BPS: Produksi Beras Januari-April 2026 Tumbuh, Luas Panen dan Produksi Padi Ikut Naik
Upaya tersebut disertai dengan penguatan jaringan irigasi, optimalisasi embung dan perpipaan, percepatan tanam, serta pemanfaatan varietas padi yang adaptif dan tahan terhadap kekeringan. Optimalisasi sumber air juga diarahkan untuk meningkatkan indeks pertanaman, sehingga lahan yang sebelumnya hanya dapat ditanami dua kali dalam setahun dapat ditingkatkan menjadi tiga kali tanam.
Mentan Amran mengatakan, pengalaman menghadapi El Niño pada 2015 dan 2023 menjadi modal penting bagi Kementan untuk menyiapkan langkah antisipasi lebih dini. Intervensi dilakukan secara menyeluruh melalui pompanisasi, perbaikan irigasi, peningkatan produktivitas, dan penggunaan benih yang lebih adaptif terhadap kondisi kekeringan.
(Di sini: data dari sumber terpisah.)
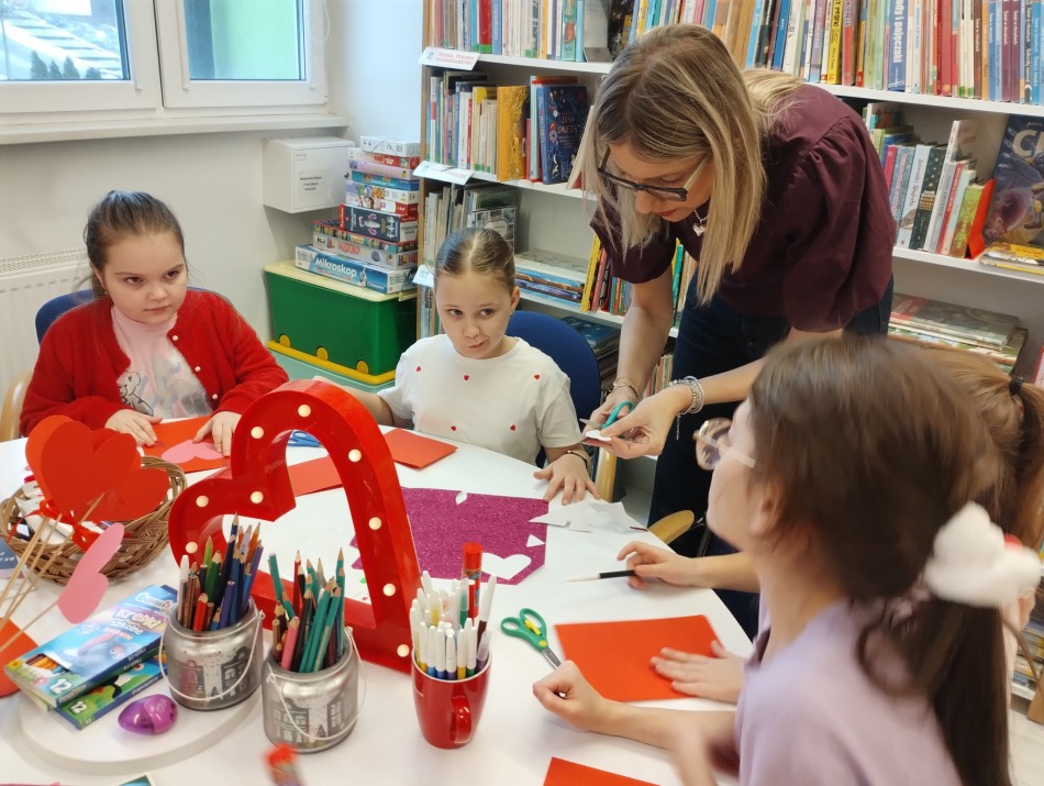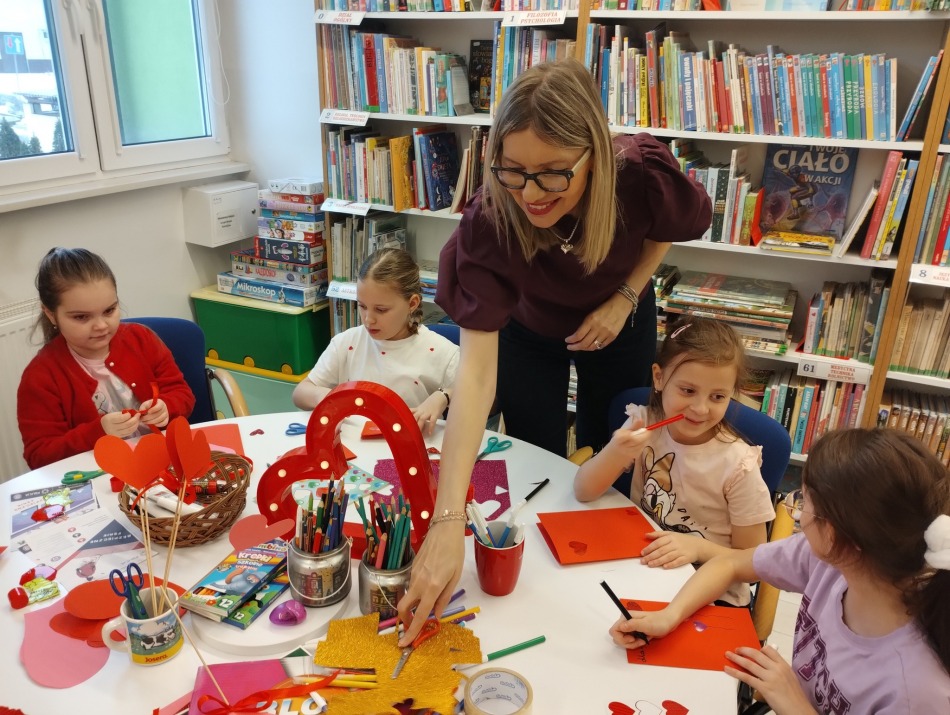 Dzieci z ogromnym zaangażowaniem tworzyły kartki walentynkowe dla przyjaciół, rodziców i ulubionych kolegów oraz koleżanek.

“Sekarang El Niño dampaknya insyaallah kita mitigasi karena kita sudah persiapan jauh sebelumnya. Satu, pompanisasi. Dua, irigasi. Tiga, kita tingkatkan produksi. Kemudian ada benih yang tahan kekeringan,” ujar Mentan Amran.
Melalui penguatan produksi dan mitigasi dampak perubahan iklim, Kementan berupaya mempertahankan momentum positif yang tercermin dalam angka tetap BPS Januari–April 2026. Pertumbuhan produksi beras, produksi padi, dan luas panen menjadi fondasi penting untuk menjaga ketersediaan pangan nasional sekaligus memastikan kegiatan produksi dan pendapatan petani tetap terpelihara.